▸ Required action
Images are to be excluded, and the rest of the data repeated exactly.

▸ Provided data
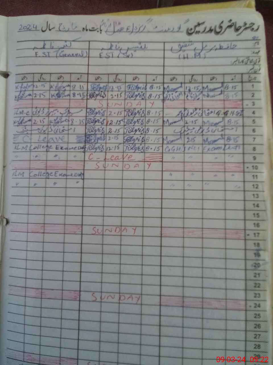 | 35**** | Ha**** Mu**** Sh**** | 6 | 2 | 0 | 0 | 0 | 0 | 0 | 0 | 0 | 0 | 0 | Exam Duty |
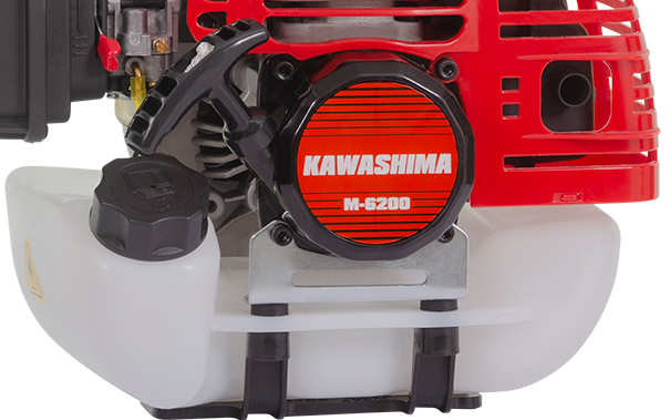 MOTOR M-6200 KAWASHIMA 61,5cc TIPO: Motor 2 tempos MOTOR: KAWASHIMA M-6200 TIPO DO MOTOR: Monocilindrico, 2 tempos, refrigerado a ar, gasolina CILINDRADAS: 61,5cc TIPO DE CARBURADOR: Diafragma, com regulagem VELA DE IGNIÇÃO: KAWASHIMA KNP6Y e NGK BPM6A (modelos recomendados para reposição) COMBUSTÍVEL: Gasolina e óleo 2T (25:1) CAPACIDADE DO TANQUE DE COMBUSTÍVEL: 1,2 L
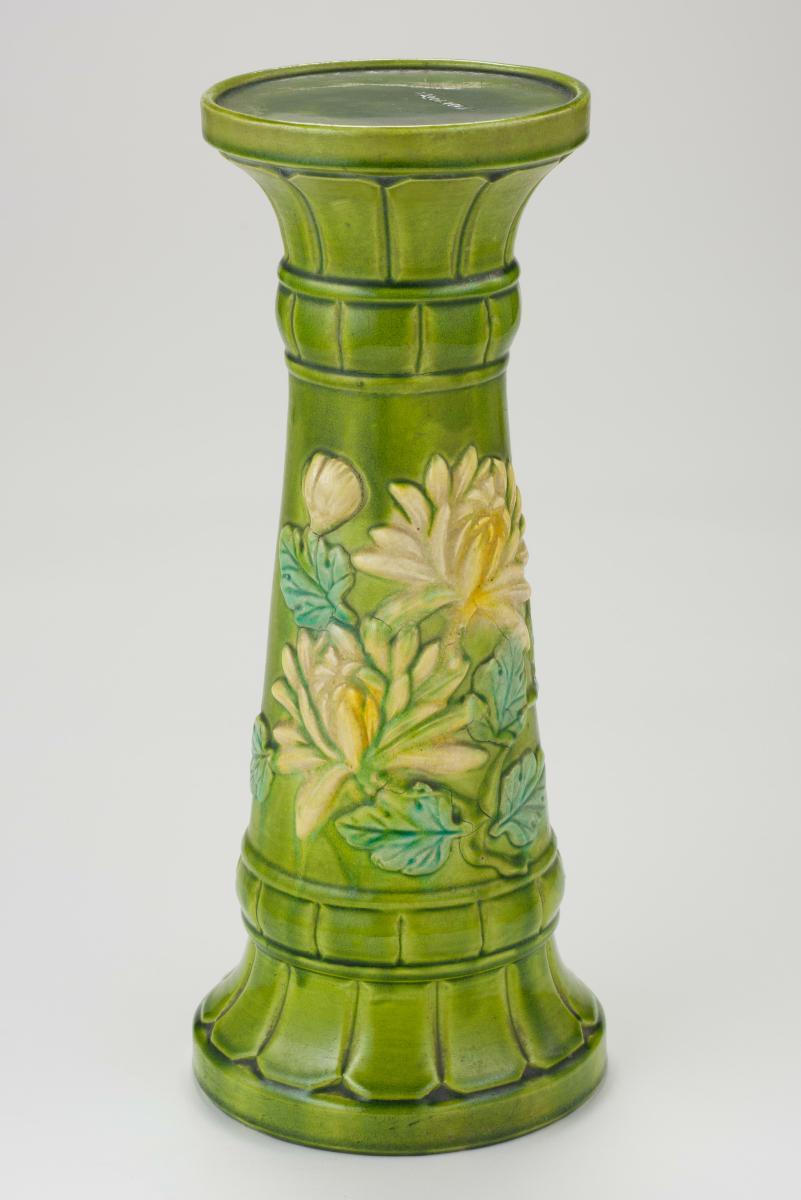 These decorative pedestals with flower pots were found in many European and Peranakan Chinese homes. These would usually be displayed on a sideboard in the living room, together with porcelain figurines and plates, crystal vases, silver urns and Venetian glassware.

▸ Answer space
 | 35**** | Ha**** Mu**** Sh**** | 6 | 2 | 0 | 0 | 0 | 0 | 0 | 0 | 0 | 0 | 0 | Exam Duty |
 MOTOR M-6200 KAWASHIMA 61,5cc TIPO: Motor 2 tempos MOTOR: KAWASHIMA M-6200 TIPO DO MOTOR: Monocilindrico, 2 tempos, refrigerado a ar, gasolina CILINDRADAS: 61,5cc TIPO DE CARBURADOR: Diafragma, com regulagem VELA DE IGNIÇÃO: KAWASHIMA KNP6Y e NGK BPM6A (modelos recomendados para reposição) COMBUSTÍVEL: Gasolina e óleo 2T (25:1) CAPACIDADE DO TANQUE DE COMBUSTÍVEL: 1,2 L
 These decorative pedestals with flower pots were found in many European and Peranakan Chinese homes. These would usually be displayed on a sideboard in the living room, together with porcelain figurines and plates, crystal vases, silver urns and Venetian glassware.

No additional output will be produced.